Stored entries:
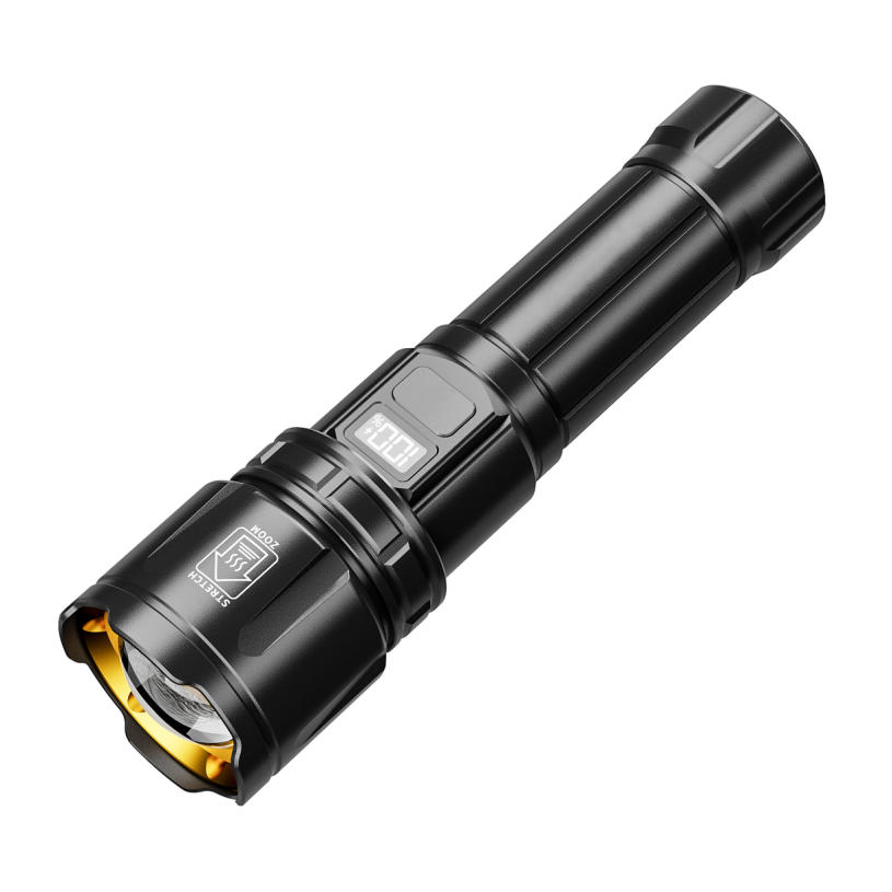 FlashlightZoomableLED: White laser wick LEDBrightness: 800 lumensMaterial: Aluminum alloyColor: BlackBattery: 3000mAh li-ion batteryModes: 4 lighting modesBattery life: 3-16hCharging port: TYPE-CSize: 177*50*37mmWeight: 277g
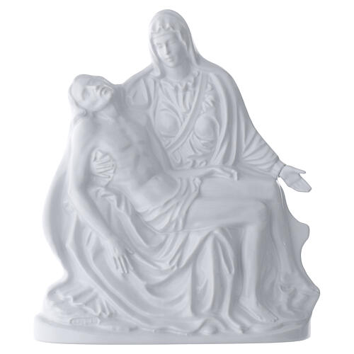 Tablica aplikacyjna do montażu ściennego w formie płaskorzeźby, przedstawiająca Pietę inspirowaną słynnym dziełem Michała Anioła – Matkę Bożą siedzącą, podtrzymującą ciało Jezusa Chrystusa. Produkt wykonany z jednolitym białym wykończeniem i wyraźnie opracowanym modelunkiem form.
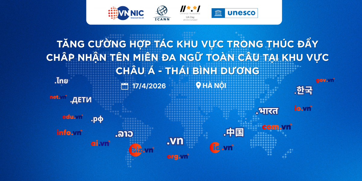 Trung tâm Internet Việt Nam (VNNIC), phối hợp cùng Tổ chức Quản lý tên miền và số quốc tế ICANN và UNESCO đăng cai tổ chức Hội thảo UA Day 2026 khu vực Châu Á – Thái Bình Dương – sự kiện chuyên đề quan trọng nhằm thúc đẩy Chấp nhận phổ quát (Universal Acceptance – UA) đối với tên miền và email đa ngữ trong toàn khu vực.
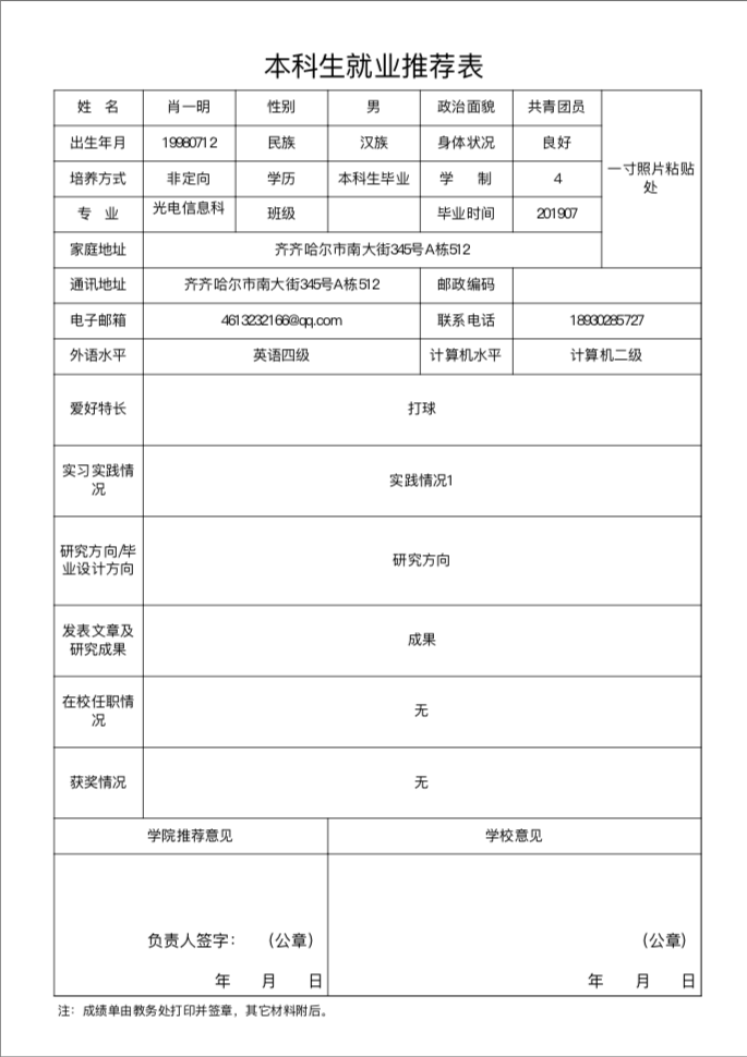 经学校审核通过后,可在推荐表申请页面点击【打印】按钮,在新页面浏览推荐表信息并打印,如下图所示:
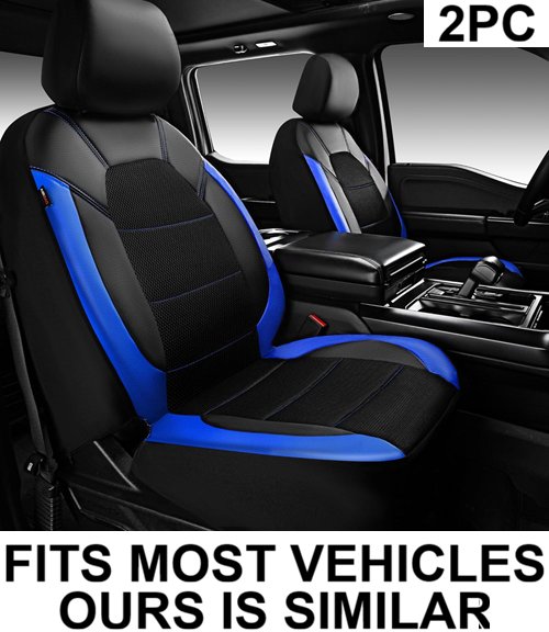 2PC front car SEAT COVERS - FITS MOST VEHICLES - BLACK/BLUE

TASK TO COMPLETE:
Reproduce the lines from the one holding "Trung tâm Internet" through the end of the entries above exactly, keeping both ends and dropping every picture.

ANSWER BOX:
 Trung tâm Internet Việt Nam (VNNIC), phối hợp cùng Tổ chức Quản lý tên miền và số quốc tế ICANN và UNESCO đăng cai tổ chức Hội thảo UA Day 2026 khu vực Châu Á – Thái Bình Dương – sự kiện chuyên đề quan trọng nhằm thúc đẩy Chấp nhận phổ quát (Universal Acceptance – UA) đối với tên miền và email đa ngữ trong toàn khu vực.
 经学校审核通过后,可在推荐表申请页面点击【打印】按钮,在新页面浏览推荐表信息并打印,如下图所示:
 2PC front car SEAT COVERS - FITS MOST VEHICLES - BLACK/BLUE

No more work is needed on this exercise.